Industry has pushed back a little to FDA’s 2022 draft guidance, though not as much as it has to the integration of ISO 13485:2016. For example, for the proposed rule on ISO 13485, the Medical Device Manufacturers Association (MDMA) recommended to FDA that the proposed one-year timeline for implementation be extended to three years. On the other hand, for the 2022 cybersecurity draft guidance, MDMA’s response has been more nuanced, focusing more on the extent to which cybersecurity activities must be presented in the submission of 510(k)s.
But as Quality Assurance professionals know, reducing the extent of submission documentation does not ultimately reduce the burden on the quality system. Even though quality procedures are not submitted with a 510(k), FDA will inspect the manufacturer’s facility post-clearance, and then they will review all the quality procedures.

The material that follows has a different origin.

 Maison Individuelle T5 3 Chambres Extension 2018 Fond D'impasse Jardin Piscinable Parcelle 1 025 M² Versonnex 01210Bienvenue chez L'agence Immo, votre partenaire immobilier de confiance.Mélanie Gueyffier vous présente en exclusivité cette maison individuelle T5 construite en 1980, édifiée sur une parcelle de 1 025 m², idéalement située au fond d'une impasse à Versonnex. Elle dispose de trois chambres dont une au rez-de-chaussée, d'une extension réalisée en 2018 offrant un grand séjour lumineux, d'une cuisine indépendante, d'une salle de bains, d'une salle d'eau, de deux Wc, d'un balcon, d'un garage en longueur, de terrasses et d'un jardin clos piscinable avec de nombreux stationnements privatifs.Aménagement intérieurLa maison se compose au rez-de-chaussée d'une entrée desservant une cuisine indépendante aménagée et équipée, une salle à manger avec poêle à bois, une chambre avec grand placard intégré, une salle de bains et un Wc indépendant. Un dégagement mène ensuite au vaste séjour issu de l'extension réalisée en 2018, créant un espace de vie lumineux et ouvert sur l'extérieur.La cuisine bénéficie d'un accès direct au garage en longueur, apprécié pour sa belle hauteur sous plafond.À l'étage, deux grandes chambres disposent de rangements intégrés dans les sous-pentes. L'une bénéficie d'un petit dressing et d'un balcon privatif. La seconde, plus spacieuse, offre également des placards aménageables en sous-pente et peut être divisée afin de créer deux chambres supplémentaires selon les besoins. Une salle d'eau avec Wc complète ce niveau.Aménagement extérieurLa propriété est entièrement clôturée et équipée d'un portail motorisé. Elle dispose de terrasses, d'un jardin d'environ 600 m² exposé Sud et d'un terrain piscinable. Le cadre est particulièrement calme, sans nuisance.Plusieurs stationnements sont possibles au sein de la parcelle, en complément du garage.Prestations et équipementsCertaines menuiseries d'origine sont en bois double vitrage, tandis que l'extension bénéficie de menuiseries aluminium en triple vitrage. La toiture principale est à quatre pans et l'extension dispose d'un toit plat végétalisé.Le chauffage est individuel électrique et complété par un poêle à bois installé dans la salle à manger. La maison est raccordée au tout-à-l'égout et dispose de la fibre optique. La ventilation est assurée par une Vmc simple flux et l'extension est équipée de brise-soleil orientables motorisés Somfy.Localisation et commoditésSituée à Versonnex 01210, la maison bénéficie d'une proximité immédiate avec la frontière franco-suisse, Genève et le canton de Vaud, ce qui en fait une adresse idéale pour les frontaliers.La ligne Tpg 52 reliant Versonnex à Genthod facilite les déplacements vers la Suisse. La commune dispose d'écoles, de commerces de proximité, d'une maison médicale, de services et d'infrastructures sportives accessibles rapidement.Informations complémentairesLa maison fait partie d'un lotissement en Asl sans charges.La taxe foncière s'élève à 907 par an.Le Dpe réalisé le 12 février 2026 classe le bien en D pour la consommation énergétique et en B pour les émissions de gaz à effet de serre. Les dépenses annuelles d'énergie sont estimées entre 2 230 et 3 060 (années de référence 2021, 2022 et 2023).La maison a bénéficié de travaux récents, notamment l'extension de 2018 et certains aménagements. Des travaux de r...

The question for Quality Assurance in all this is, when to get ready and implement cybersecurity across the entire quality system. The answer is, now and later. Now, to get ready, by studying the 2022 draft guidance, as well as the many standards and guidances that it references. For this purpose, the footnotes of the draft are a clear study guide, just as the text of the draft is a clear structure for building cybersecurity records. And then later, to update the quality system, after FDA issues the final guidance.
As we have seen, the cybersecurity guidance has already gone through two drafts since the previous final guidance was issued in 2014. When FDA performs an onsite inspection, they expect the quality system to comply with final guidances, unless the manufacturer has a very good justification for an alternate approach. FDA can point to draft guidances as a good basis for creating quality records, but does not require their implementation within quality procedures.
The application of cybersecurity “throughout the device lifecycle,” as described in the 2022 draft guidance, shows that FDA’s approach has matured to focus on security holistically. There is a shift happening in cybersecurity in the medical device space. FDA is recognizing the need to integrate security early in the device lifecycle, instead of trying to tie it in at the end of the design process. Building from the foundations is far better than building backwards, and quality systems will adapt to support this new approach.